Despite its strengths, procurement has historically been considered a weak point in many services. Compared to other industries, this sector is lagging behind in procurement maturity, and the results are expensive. Without a strategic approach, projects can run 20-40% over budget, forcing resources into a difficult choice: absorb excess or delay important improvements. To address the industry’s growing challenges, utilities must elevate procurement from a transactional function to a strategic powerhouse. Here are some top actions that can close the gap: 1. Build strong partnerships with your business partners: Position procurement as an enabler of reliability and performance growth—not a cost watchdog. Embed procurement early in planning cycles, align division strategies with long-term operational and capital plans, and deliver business-critical collaborative outcomes. 2. Diversify suppliers to build resilience: Lock in contracts for durable goods and identify alternative sources of critical parts and materials. Then expand these efforts to find other suppliers for as many procurement portfolios as possible. Some suppliers offer backup during supply chain disruptions and can also provide financial savings. In addition, expand regional manufacturing partnerships, and explore building partnerships with key sectors. 3. Develop procurement talent: Build a skilled procurement team through targeted hiring, continuous professional development, and specialized consultant partnerships. 4. Embrace procurement and analytics: Predictive data enables smarter long-range budgeting, more accurate case planning, and stronger recovery strategies. 5. Create a more efficient purchasing center: A central hub of spend data, supplier status, and project milestones streamlines decision-making and speeds execution. 6. Improve relationships with suppliers: Treat suppliers as strategic partners and customers, allowing the team to unlock better value, encourage innovation, and strengthen sustainability and sustainability practices.
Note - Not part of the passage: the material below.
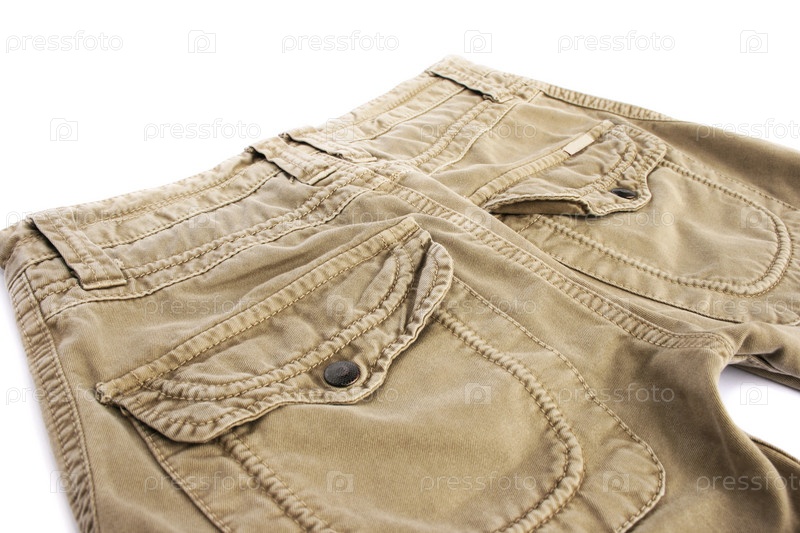 Бежевые джинсы на белом фоне

Utilities are operating under unprecedented, interconnected pressures—and procurement is now at the center of how those pressures are managed. When proposed as a core capacity builder, procurement becomes a force for multiplying T&D operations, allowing resources to meet immediate demand, secure critical supplies, and reduce the risk of costly disruptions before they arrive on site. For an in-depth look at how procurement can transform resource operations in an era of disruption, check out ProcureAbility’s latest information on: “Charged for Change: Transforming Procurement in an Era of Disruption.” Conrad Snover is the CEO at ProcureAbility. Snover Conrad leads the firm’s vision and growth with a focus on customer success, talent and culture, and continuous innovation in procurement and supply chain services. He is deeply committed and experienced in helping global organizations transform procurement from a transactional function to a strategic, business value driver.